Dans le domaine des relations sociales, l’impact fonctionnel est important avec des études qui mettent en évidence un réseau social amical significativement moins fourni chez les patients souffrant de trouble bipolaire (120) en comparaison aux patients ne souffrant pas de trouble psychiatrique. Ces difficultés persistent également à distance des épisodes. Dans l’étude de Goldberg et al (2004), sur une période de 10 ans de suivi, 30 à 40% des patients bipolaires ont déclarés souffrir de la persistance de difficultés dans le domaine du fonctionnement social (121). Celui ci semble avoir son importance dans la mesure où, selon certains auteurs comme Altshuler et al en 2002, un mauvais fonctionnement dans ce domaine pourrait faire le lit d’une symptomatologie dépressive (122). Selon Gitlin et al, une altération du fonctionnement psychosocial et plus précisément dans le domaine occupationnel serait prédictif d’un temps plus court entre les rechutes (123). Ainsi, il est établi que, d’une manière générale, les patients souffrant de trouble bipolaire souffrent de difficultés importantes en ce qui concerne leur fonctionnement social dans leurs relations interpersonnelles et l’engagement dans des activités de loisirs (2)
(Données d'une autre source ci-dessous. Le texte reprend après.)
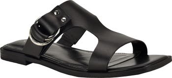 Make a modern statement in this smooth leather slide sandal embellished with a decorative buckle strap.
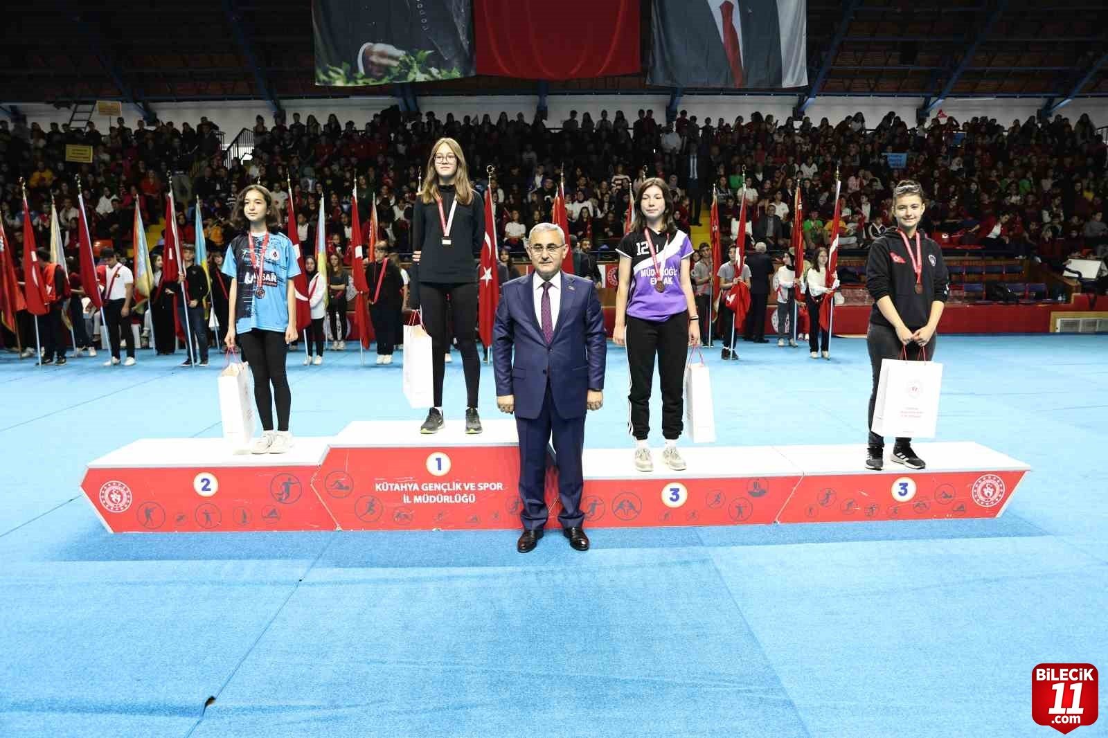 Yıldız kızlarda 1.’lik ve 2.’lik kürsüsünü alan Kütahya Belediyespor Kulübü sporcuları, 29 Ekim Cumhuriyet Bayramı kutlamalarında ödüllerini Kütahya Belediye Başkanı Prof. Dr. Alim Işık’tan aldı. – İHA

Concernant le fonctionnement professionnel, Sanchez et Moreno (2009) rappellent que le trouble bipolaire entravent également considérablement les performances des patients dans le domaine professionnel avec une inactivité pour environ la moitié des patients bipolaires (2). Dans l’étude de Morselli et al (2003) de la GAMIAN Europe (Global Alliance of Mental Ilness Advocacy Networks Europe) et sur 968 patients de 8 pays Européens, les auteurs retrouvent un pourcentage 21,5% de patients étant au

chômage ou travaillant de manière bénévole et un nombre de patients en temps partiels entre 27% et 56%. Parmi cette population, entre 13 à 34% déclarent présenter des difficultés dans leur profession(124).
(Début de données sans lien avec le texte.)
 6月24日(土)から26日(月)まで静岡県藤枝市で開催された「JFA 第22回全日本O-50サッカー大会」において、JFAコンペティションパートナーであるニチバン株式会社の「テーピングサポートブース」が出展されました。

Enfin, le trouble a également un impact sur le fonctionnement familial. Dans une étude australienne en population générale sur 10641 individus les auteurs retrouvent une proportion significativement supérieure d’individus séparés, divorcés ou veufs (125). Des résultats similaires sont retrouvés dans l’étude épidémiologique en population américaine de Judd et al en 2003 sur 18252 individus. Les patients ayant présenté des symptômes maniaques, hypomaniaques ou sub syndromiques de manie sur leur vie entière souffraient significativement plus d’un mauvais fonctionnement dans le domaine familial (proportion de divorce, de séparation, de veuvage ou patients jamais mariés). A titre d’exemple, on retrouvait une proportion de divorce chez 15% des patients ayant présenté des symptômes hypomaniaques contre seulement 7% chez les patients n’ayant jamais souffert de pathologie psychiatrique (126). L’impact de la maladie est également marqué pour l’entourage des patients bipolaires qui doivent faire face aux conséquences de la maladie. Dans l’étude de Dore & Romans (2001) avec un suivi longitudinal des aidants sur 2 ans ,92% des membres de l’entourage ont déclaré avoir eu des difficultés à conserver l’équilibre de leurs relations sentimentales en lien avec le trouble et pour 39% les difficultés persistaient même en dehors des épisodes thymiques (127). L’impact sur le plan familial a également son importance et se révèle être complexe comme le soulignent K.M Bailara et C Gay (Famille et trouble bipolaire ; Les troubles bipolaires, Lavoisier, 2015). En effet, via le concept d’émotion exprimée qui serait présent de manière plus important dans les familles de patients bipolaires (128), des études ont mis en évidence que celui ci pouvait être un facteur influençant l’évolution du trouble et notamment la précipitation des rechutes thymiques (129).

Enfin, depuis plusieurs années, des travaux ont mis en évidence le lien étroit entre les déficits cognitifs entrainés par la maladie bipolaire et la notion de récupération fonctionnelle des patients. Martinez Aran et al (2011) rappellent qu’à distance des épisodes thymiques, les patients peuvent souffrir de troubles neurocognitifs dans des domaines comme l’attention, la mémoire verbale et les fonctions exécutives. Ces dysfonctions cognitives peuvent représenter une entrave à la rémission fonctionnelle des patients bipolaires (130).